– И тем не менее я прошу обратить более пристальное внимание на докладную Ванина, – не отставал Берия. – Многое указывает на то, что немцы подошли к прорыву в создании оружия огромной силы поражения. Не меньше беспокойства у нас вызывает работа англичан и американцев. В Лос-Аламосе построен целый город. Это сейчас они нам союзники, а как только получат урановую пушку, нам несдобровать, если…
– Да понимаю я, что они гангстеры, – проворчал Сталин. – Лучше бы эта сволочь подумала о Втором фронте.
– Англичане рвутся к секретам немецких ядерщиков. Нам нужно их опасаться.
– Мы тоже рвемся. И что? Есть там к чему рваться?
– Докладная основана на надежных данных, Иосиф Виссарионович.
– Что ты мне подсовываешь эту бумажку! – возмутился Сталин. – Что я, сам не понимаю, как это важно? Но сейчас я думаю о том, что мы вступаем в бой, не успев переоснастить тридцатьчетверки 85-миллиметровыми пушками, что у нас несколько сотен Яков выпустили с дефектной обшивкой. Вот о чем я думаю. И ты об этом думай пока.
– Знаю, Иосиф Виссарионович. Разберемся, выявим…
– Не надо, – оборвал Сталин. – Нет времени выявлять. Работать надо, дело делать. Навыявляли уже… Иди.
– Слушаюсь, товарищ Сталин.
Поняв, что развивать эту тему дальше становится небезопасно, Берия повернулся и пошел к выходу.
– Постой.
Нарком замер на месте.
– Это не шутки, Лаврентий, – словно перебарывая себя, сказал Сталин. – Распрячь лошадей на переправе – это не шутки. Дай мне больше сведений по урановым разработкам немцев. И узнай, насколько далеко наши союзники продвинулись в нелегальных контактах с немецкими специалистами. Тогда и поговорим.
Вечером Берия позвонил Ванину.
– Значит, вот что, Павел, – сказал он с легким грузинским акцентом, – держи меня постоянно в курсе по этой теме. Напрямую звони, понял?
24 мая
В этот день сразу несколько резидентов советской разведки в пяти странах получили шифрограмму примерно одного смысла. В Берлин был направлен следующий текст:
«Рихтеру.
Нами получены данные о серьезном прогрессе Германии в урановом проекте. Важно в кратчайший срок предпринять максимальные усилия, чтобы выйти на компетентных лиц, имеющих доступ к работе по созданию оружия массового поражения.
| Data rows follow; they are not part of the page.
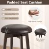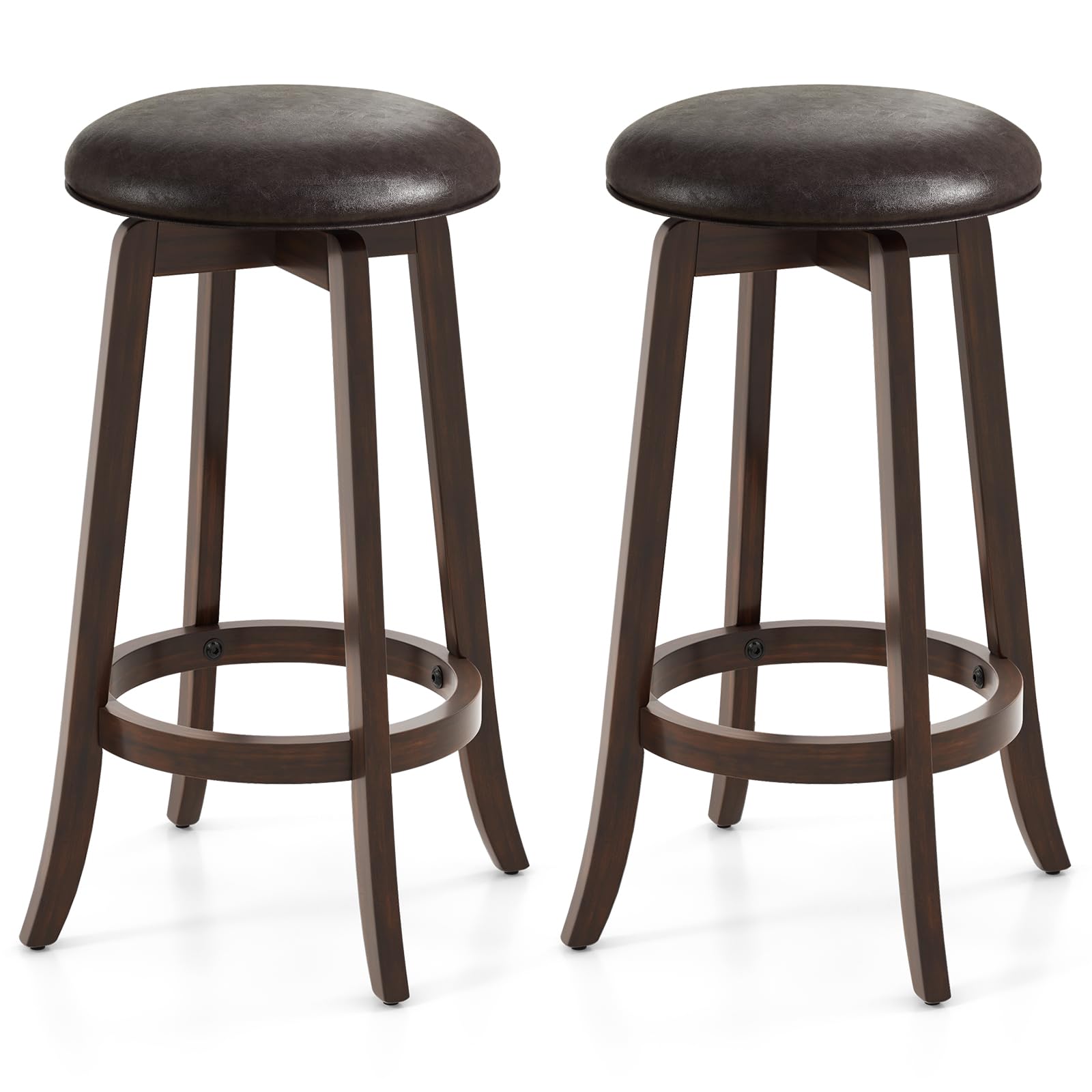 Elevate your home bar with our swivel bar stools set of 2/4. Each bar stool features a thick, high-density sponge seat cushion upholstered in wear-resistant PU leather, offering a touch of elegance and lasting comfort. The solid rubber wood construction ensures unmatched stability, with curved legs for sturdy support and non-slip foot pads to protect your floors. The 360° swivel design allows you to effortlessly rotate for easy movement and interaction, while the built-in footrest enhances comfort. The space-saving, backless design tucks neatly under counters. These swivel bar stools are perfect for kitchen counters, home bars, or dining rooms. Add a retro, luxurious touch to any space with this versatile stool set.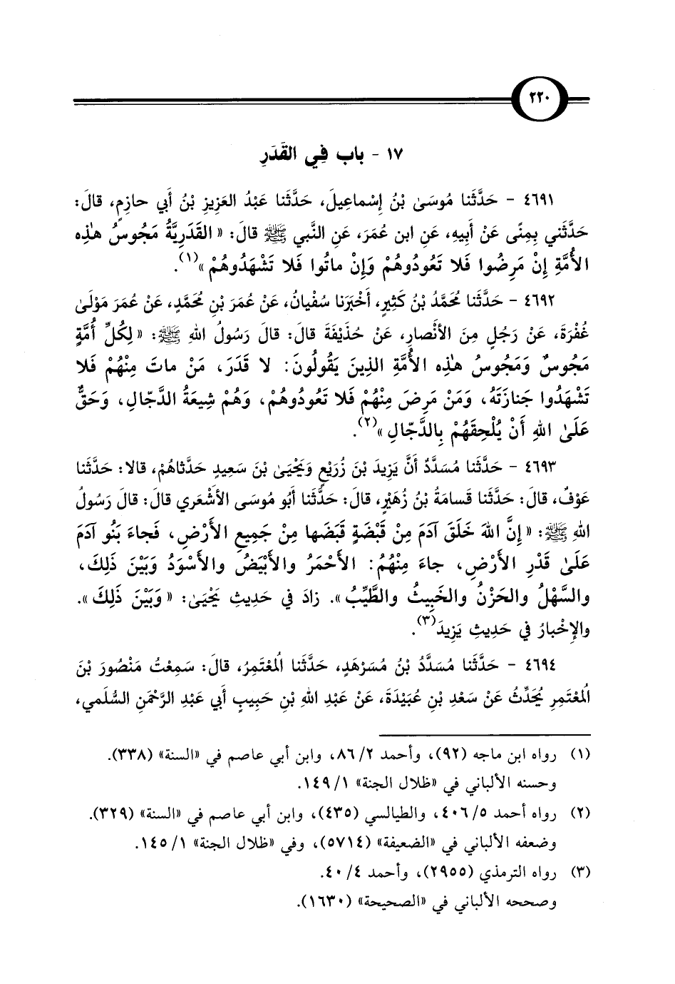 4692 - حَدَّثَنا مُحَمَّدُ بْنُ كَثِيرٍ، أَخْبَرَنا سُفْيانُ، عَنْ عُمَرَ بْنِ مُحَمَّدٍ، عَنْ عُمَرَ مَوْلَى عُفْرَةَ، عَنْ رَجُلٍ مِنَ الأَنْصارِ، عَنْ حُذَيْفَةَ قالَ: قالَ رَسُولُ اللَّهِ -صلى اللَّه عليه وسلم-: "لِكُلِّ أُمَّةٍ مَجُوسٌ وَمَجُوسُ هَذِه الأُمَّةِ الذِينَ يَقُولُونَ: لا قَدَرَ، مَنْ ماتَ مِنْهُمْ فَلا تَشْهَدُوا جَنازَتَهُ، وَمَنْ مَرِضَ مِنْهُمْ فَلا تَعُودُوهُمْ، وَهُمْ شِيعَةُ الدَّجّالِ، وَحَقٌّ عَلَى اللَّهِ أَنْ يُلْحِقَهُمْ بِالدَّجّالِ" (¬2).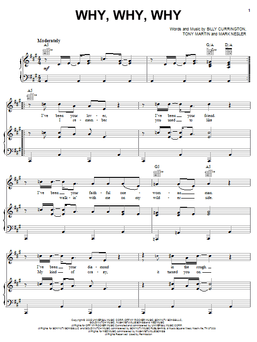Download or print Billy Currington Why, Why, Why sheet music, chords and digital score arranged for Piano, Vocal & Guitar Chords (Right-Hand Melody). This Country score includes 5 page(s).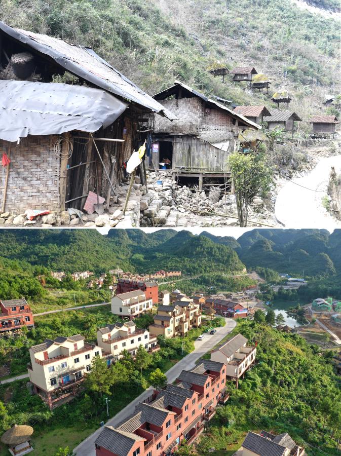上圖為整屯搬遷前的廣西南丹縣里湖瑤族鄉(xiāng)董甲村么干屯(2018年1月10日攝),下圖為當(dāng)?shù)卮迕癜徇w后所在的“千家瑤寨·萬戶瑤鄉(xiāng)”里湖王尚易地扶貧搬遷安置點(8月4日攝,無人機照片)。新華社記者 周華 攝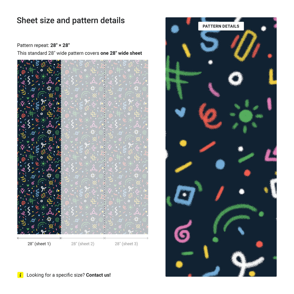 Chalk Doodles Wallpaper - Navy Blue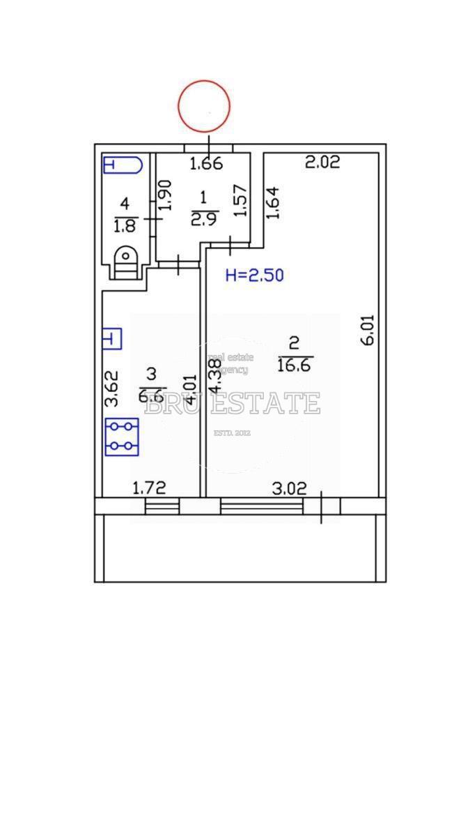 Площа кухні - 6.6 м2.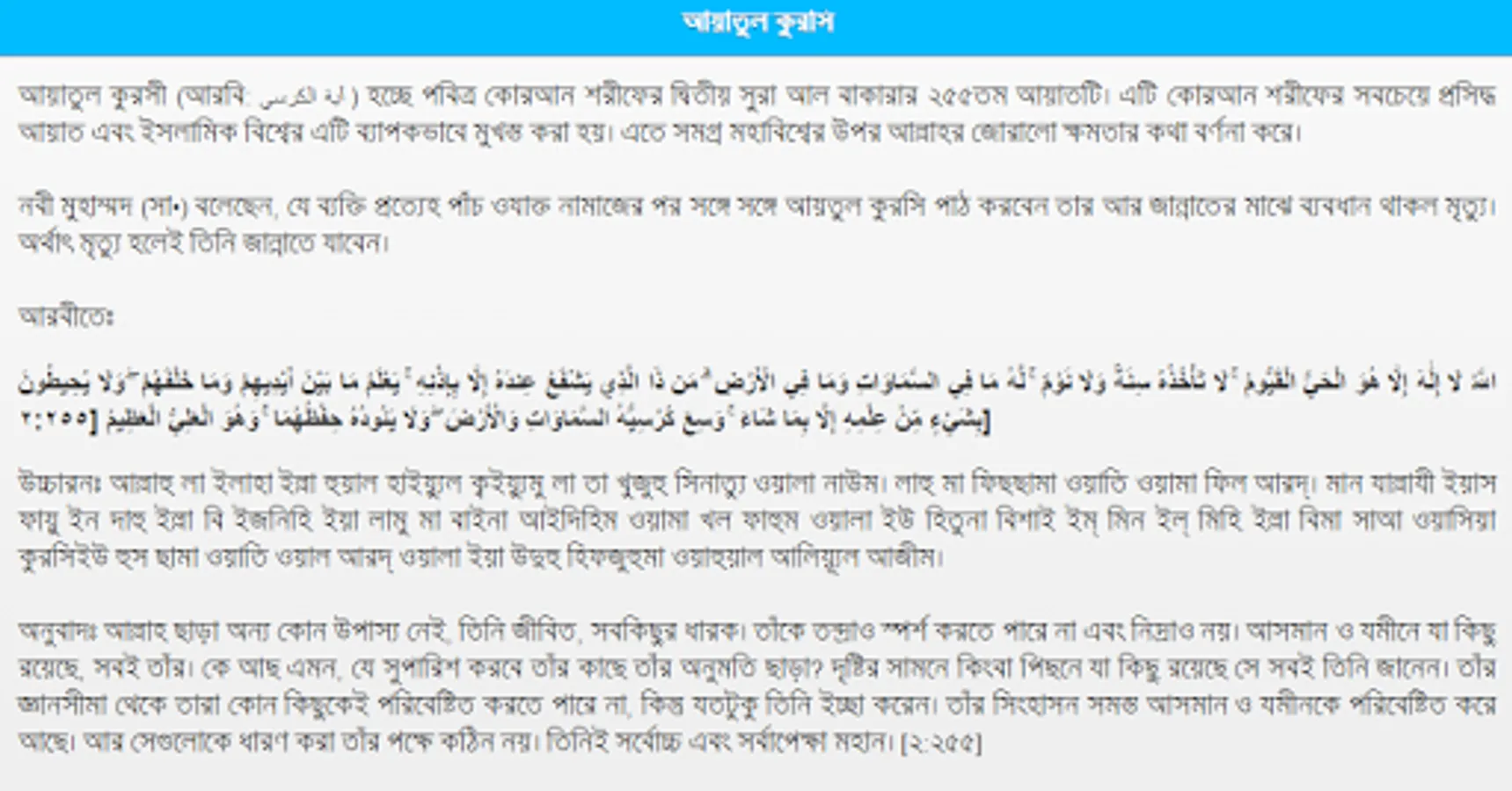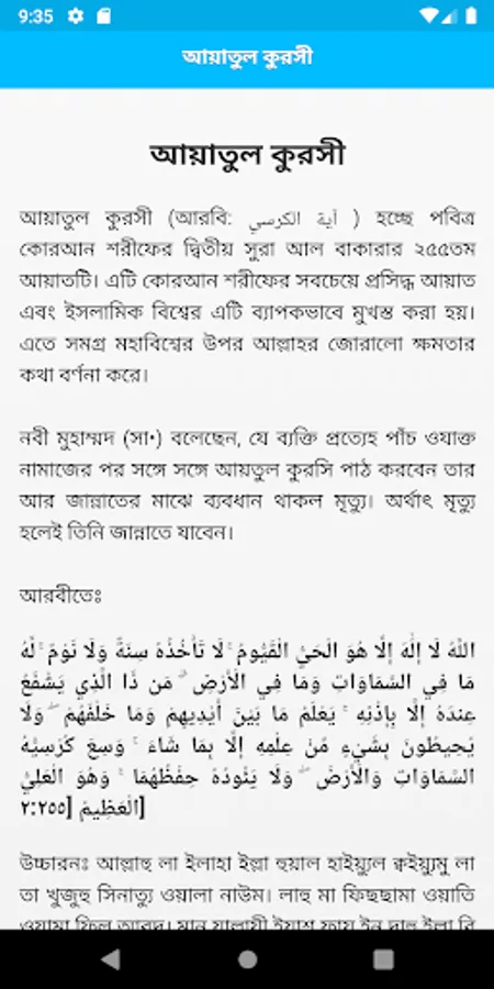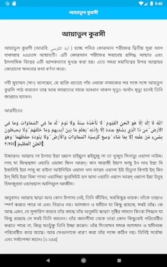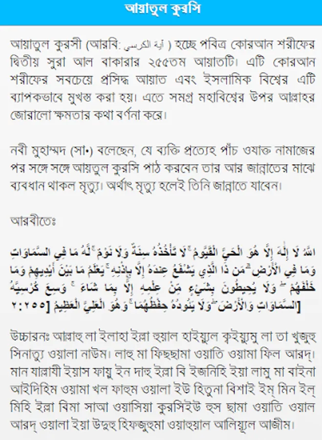 Ayatul Kursi in Bangla. You can read Ayatul Kursi in Bangla from this app.

Будем приветствовать любые сведения, касающиеся доклада Гиммлера, переданного Гитлеру 14 мая. Также необходимо установить, в какой степени английская разведка приблизилась к носителям информации по урановой программе, способна ли она получать достоверные сведения по данной теме. Зеро.
Старик». По согласованию с Берией операцию решено было назвать «Клевер».
Берлин, Шарлоттенбург,
19 мая
Хотя «Шиллер-театр» располагался в трех кварталах от «Адлерхофа», Хартман поехал туда на своем «Опель Адмирал» с откинутым верхом, поскольку не решил, куда направится после спектакля.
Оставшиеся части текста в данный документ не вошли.